[TASK] Restate the listing word for word; omit the images.

[SOURCE MATERIAL]
----

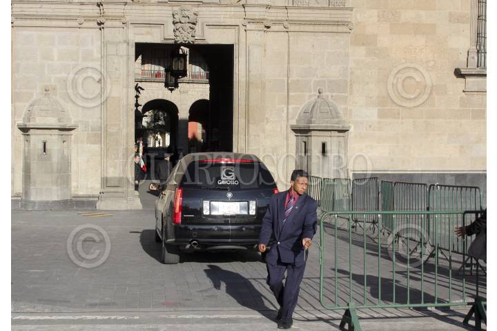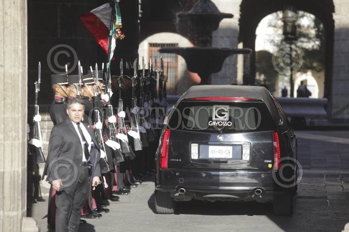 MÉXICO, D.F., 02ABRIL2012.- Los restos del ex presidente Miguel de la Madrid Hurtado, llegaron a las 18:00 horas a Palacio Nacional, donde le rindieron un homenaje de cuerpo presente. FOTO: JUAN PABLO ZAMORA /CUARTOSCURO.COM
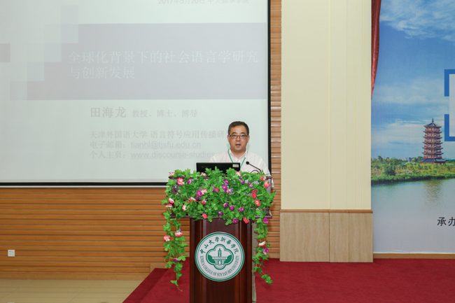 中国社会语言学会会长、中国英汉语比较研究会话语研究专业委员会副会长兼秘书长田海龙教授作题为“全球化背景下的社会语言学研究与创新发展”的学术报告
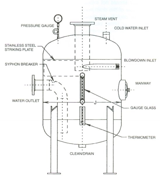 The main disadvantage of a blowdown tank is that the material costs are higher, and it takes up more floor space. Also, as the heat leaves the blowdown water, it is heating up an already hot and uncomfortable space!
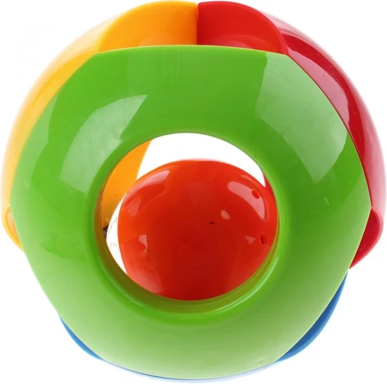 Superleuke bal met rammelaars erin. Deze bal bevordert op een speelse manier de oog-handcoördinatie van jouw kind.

----

[THE ANSWER]
 MÉXICO, D.F., 02ABRIL2012.- Los restos del ex presidente Miguel de la Madrid Hurtado, llegaron a las 18:00 horas a Palacio Nacional, donde le rindieron un homenaje de cuerpo presente. FOTO: JUAN PABLO ZAMORA /CUARTOSCURO.COM
 中国社会语言学会会长、中国英汉语比较研究会话语研究专业委员会副会长兼秘书长田海龙教授作题为“全球化背景下的社会语言学研究与创新发展”的学术报告
 The main disadvantage of a blowdown tank is that the material costs are higher, and it takes up more floor space. Also, as the heat leaves the blowdown water, it is heating up an already hot and uncomfortable space!
 Superleuke bal met rammelaars erin. Deze bal bevordert op een speelse manier de oog-handcoördinatie van jouw kind.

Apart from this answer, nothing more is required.